Now that President Bush is down to his final months in office, one might expect him to be worrying about what he leaves behind — how history will judge him and, no less important, what sort of record he will leave for his fellow Republicans to run on next year. How odd of him, then, to decide at this moment to veto a bipartisan bill providing medical insurance to poor children.

Bush ran for the presidency seven years ago with a campaign that promised prudence, moderation and “compassionate conservatism”: a “humble” foreign policy that restores American greatness, attention to the weakest among us here at home, and efficient, businesslike management in Washington. Instead, to our lasting grief, he has delivered a reckless, gun-toting foreign policy that has decimated America’s world standing, set new records at home in economic inequality and produced soaring government deficits, generating a federal debt the size of the Mariana Trench. He even lost New Orleans.

If ever there were a time for him to switch course and dust off some of his old campaign promises, it would be now. He could announce a dramatic initiative to make America a leader rather than a hindrance in global efforts to save the environment. He could launch a serious effort to combat African hunger or disease. He could hammer out a sensible policy on oil conservation and alternative fuels. He could induce the Dodgers to return to Brooklyn.

But no.

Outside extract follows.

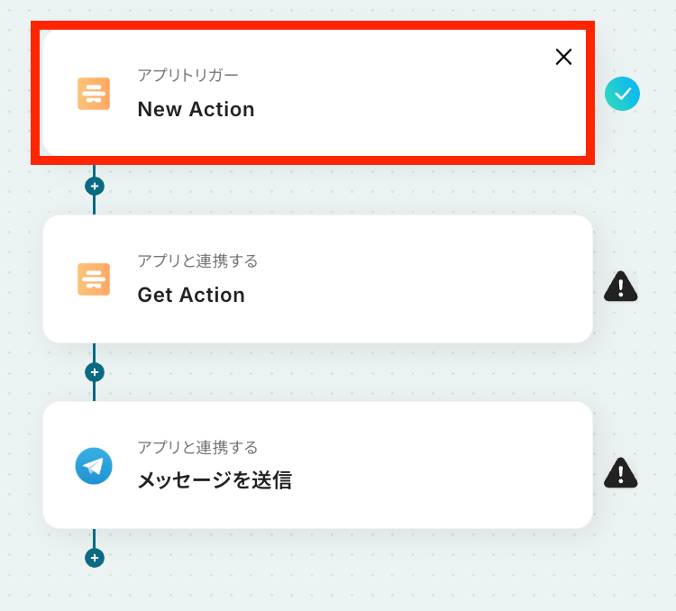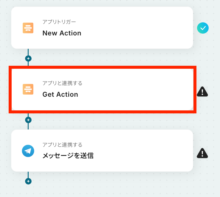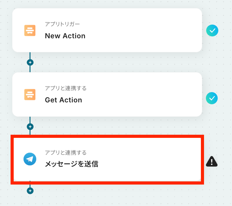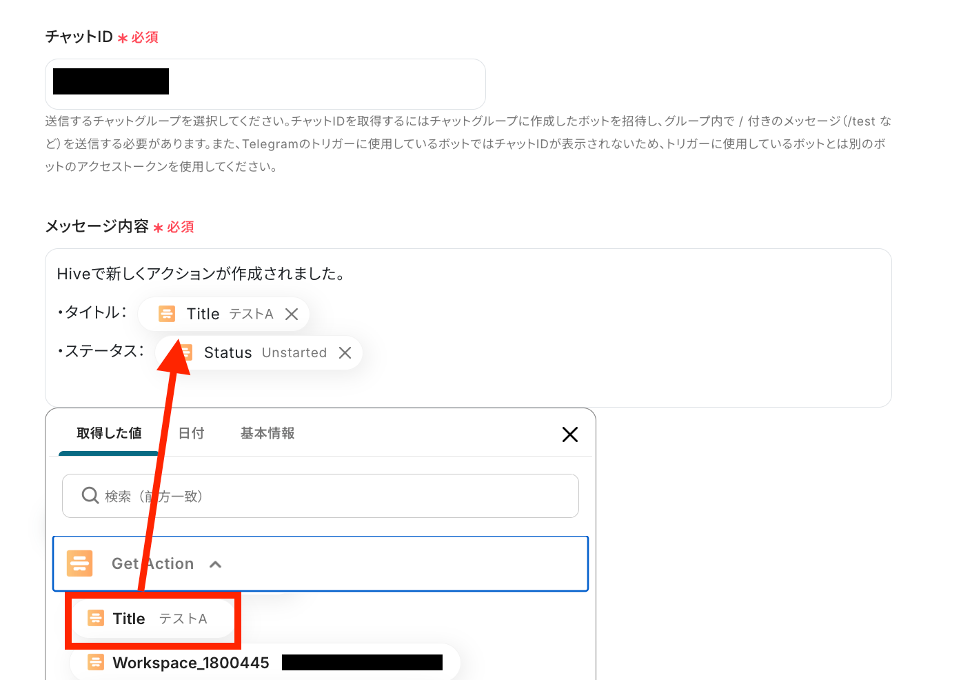 ステップ5:Telegramのアクション設定 最後に、取得した値を利用して、Telegramでメッセージを送信する設定を行います。

Bush chose this moment, after seven years of profligate spending and fiscal chaos, to show some budgetary backbone by denying medical care to 4 million children who need it.

In vetoing the popular congressional bill to increase funding for the State Children’s Health Insurance Program, a federal-state plan that provides health coverage for children whose families can’t afford it, Bush and his aides announced that the president was taking a stand against creeping socialized medicine. He was denying employers an excuse to stop providing health coverage at the workplace. And he was keeping a lid on the budget to save taxpayers money.

But none of this makes any sense. The budgetary saving from his veto totals just $6 billion a year, out of a total federal budget of some $2 trillion. As for protecting employer-based medical coverage, it’s a lost cause. Companies are abandoning health care at a gallop; that’s a key reason for the current crisis.

Silliest of all is Bush’s notion that he’s blocking socialized medicine and preserving choice. Most Americans don’t have any choice. Their health care is dictated by their HMO. The biggest and best health care plan in the country is the military system, government owned and operated — that is, socialized — that covers military personnel and veterans, plus select government employees including the president himself.

The president may think it’s smart politics to keep children away from doctors. Congress shouldn’t put up with it. The veto must be overridden.